== Problem statement ==
In the records below, repeat word for word only the lines starting at the one that contains "Grubhub news letter" and ending at the one that contains "Todos sabemos que", pictures excluded.

== Supplied data ==
::::

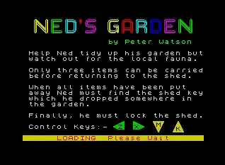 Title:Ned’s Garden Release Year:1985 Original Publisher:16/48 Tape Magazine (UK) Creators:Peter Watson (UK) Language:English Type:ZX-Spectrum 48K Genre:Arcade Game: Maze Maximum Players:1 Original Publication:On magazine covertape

::::

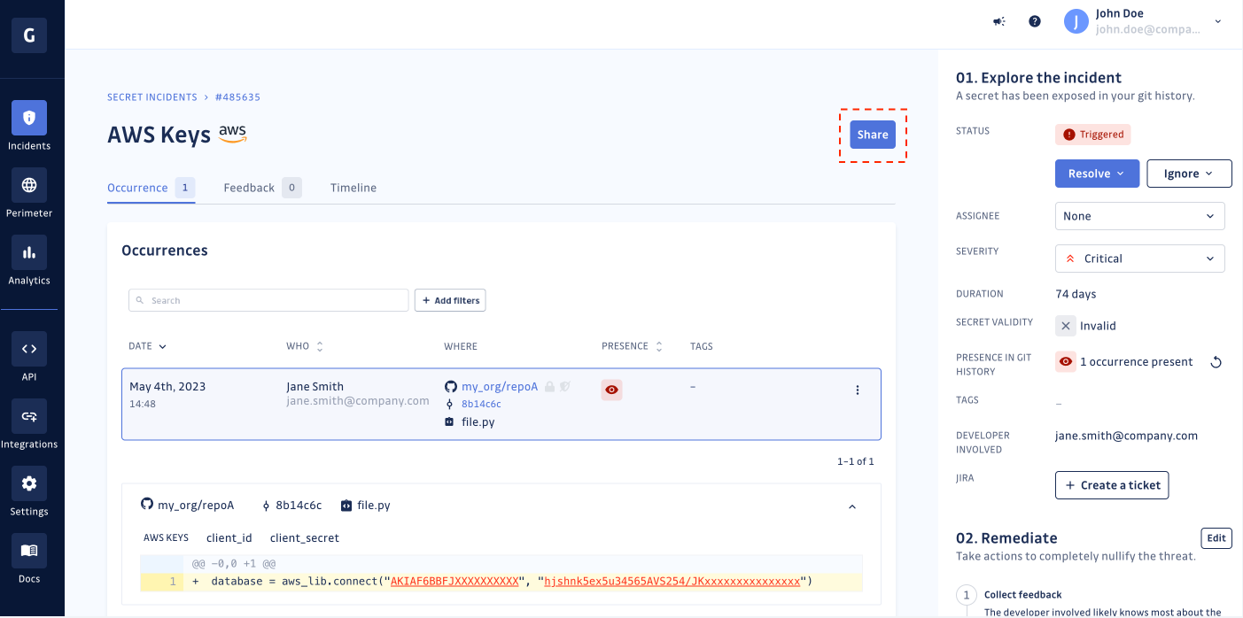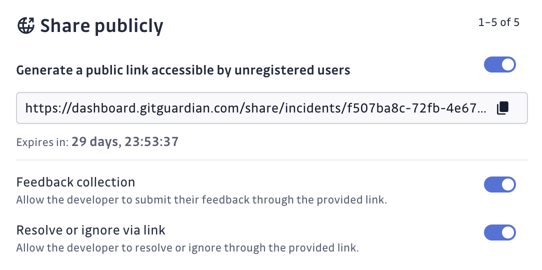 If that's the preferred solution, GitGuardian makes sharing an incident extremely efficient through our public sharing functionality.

::::

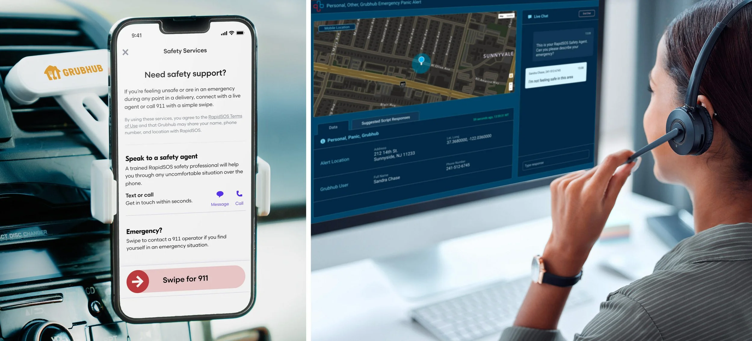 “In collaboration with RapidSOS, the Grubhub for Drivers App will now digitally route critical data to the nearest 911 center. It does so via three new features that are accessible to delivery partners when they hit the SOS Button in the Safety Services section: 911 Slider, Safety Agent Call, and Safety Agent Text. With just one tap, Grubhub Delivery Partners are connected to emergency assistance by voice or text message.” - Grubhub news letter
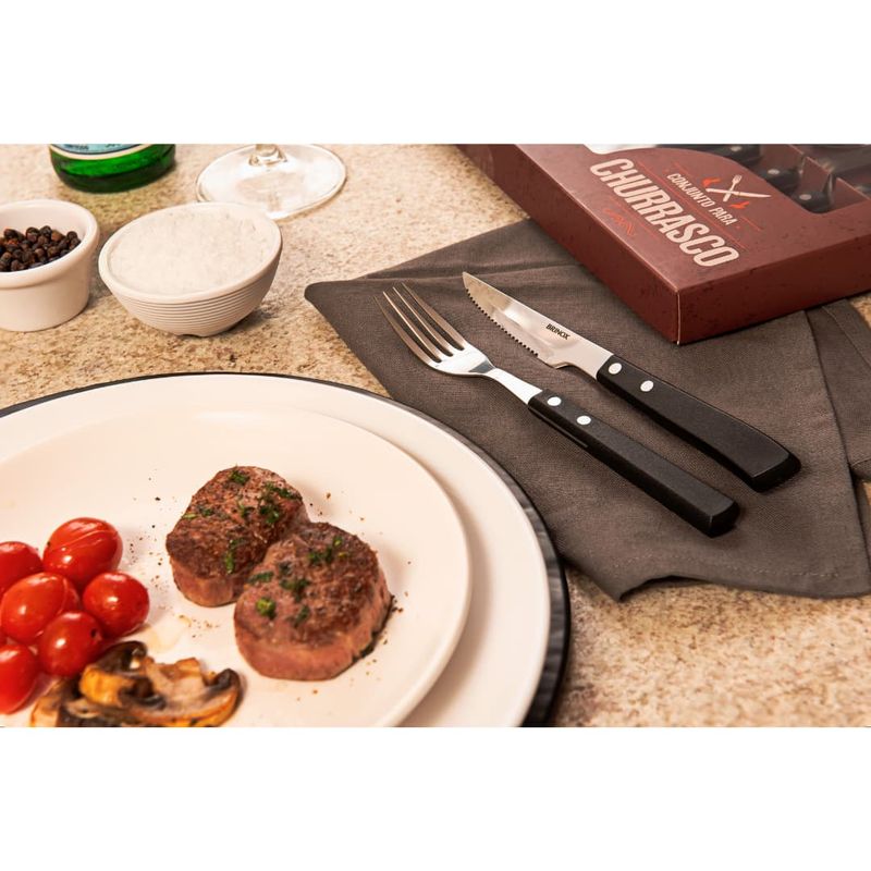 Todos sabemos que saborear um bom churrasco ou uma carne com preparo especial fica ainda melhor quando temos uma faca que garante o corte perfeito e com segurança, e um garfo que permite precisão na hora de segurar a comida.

::::

== Answer ==
 “In collaboration with RapidSOS, the Grubhub for Drivers App will now digitally route critical data to the nearest 911 center. It does so via three new features that are accessible to delivery partners when they hit the SOS Button in the Safety Services section: 911 Slider, Safety Agent Call, and Safety Agent Text. With just one tap, Grubhub Delivery Partners are connected to emergency assistance by voice or text message.” - Grubhub news letter
 Todos sabemos que saborear um bom churrasco ou uma carne com preparo especial fica ainda melhor quando temos uma faca que garante o corte perfeito e com segurança, e um garfo que permite precisão na hora de segurar a comida.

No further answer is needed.